Jim (jimmaclachlan) | 4367 comments Possum hunting is one way to start the day. Pip cornered a young possum by the trash cans. Josh & I tried herding it out, but it evaded us. We had to let the dogs track it down. Lily bit it hard enough to make it play dead so Josh could scoop it up & toss it over the fence. Of course, it let loose its bowels so the backyard stinks. Hopefully the dogs don't think it's a perfume!


message 1448: by Ed (new)

Ed Erwin | 2372 comments Mod
This site is removing some features. I don't use these features, so don't really care, but you might:

https://help.goodreads.com/s/article/...


message 1449: by Jim (new)

Jim (jimmaclachlan) | 4367 comments Margaret finally got home from rehab yesterday. Rio was so happy he burst through the closed dog door to greet her. Amazingly the 6 dogs greetings didn't injure her. They were actually quite good about not jumping on her. All is going well, but the hospital bed is a POS & should be replaced today. It has a big dip in it somehow.

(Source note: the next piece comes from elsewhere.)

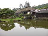 | 大洲城 2012年11月1日 | 11/1午後、愛媛5城の旅最後の大洲城、宇和島から40分程度で着きました。 見どころは木造で復元された4層4階の天守閣と4つの現存櫓でしょう。 残念ながら苧綿櫓と三の丸南隅櫓は見損ないましたが、左に台所櫓、中央に天守、右に高欄櫓を遠望する肱川の土手から(肱川対岸からではなく城北西側の土手から)の写真がベストショットで、印象に残りました。 天守閣は均整がとれ美しく、2つの櫓と渡り櫓で連結した見事な姿を見せていました。天守の内部も木造で梁が組まれ実に見事な出来栄えで、年月を重ねれば現存天守に負けない風格が出てくるでしょう。 しかし内部の展示は大洲城と関係ない坂本竜馬関係の展示が目に付きました。何でも竜馬が脱藩して京に上る時大洲を通ったそうな。 大洲城の後、臥龍山荘を見物。臥龍院の縁側に座って茅葺屋根と庭園をバックに、係の人に3人の写真を撮ってもらいました。洋食好きの友達はここが大のお気に入りで、不老院の畳の上に大の字に寝て大満足の様子でした。確かに安らぎの別世界の心地がします。 その後旅の一行は松山で解散しましたが、楽しい旅となりました。二人の友達に感謝。 |

Our daughter, Erin, spent the night, but should be able to sleep at home tonight. She & Josh have been great. We couldn't have dealt with all this without them. James, our oldest drove all the way from RI to cover for them this past weekend. Thank goodness for the kids!


message 1450: by Peter (new)

Peter Tillman | 737 comments Best wishes to Margaret for a speedy recovery!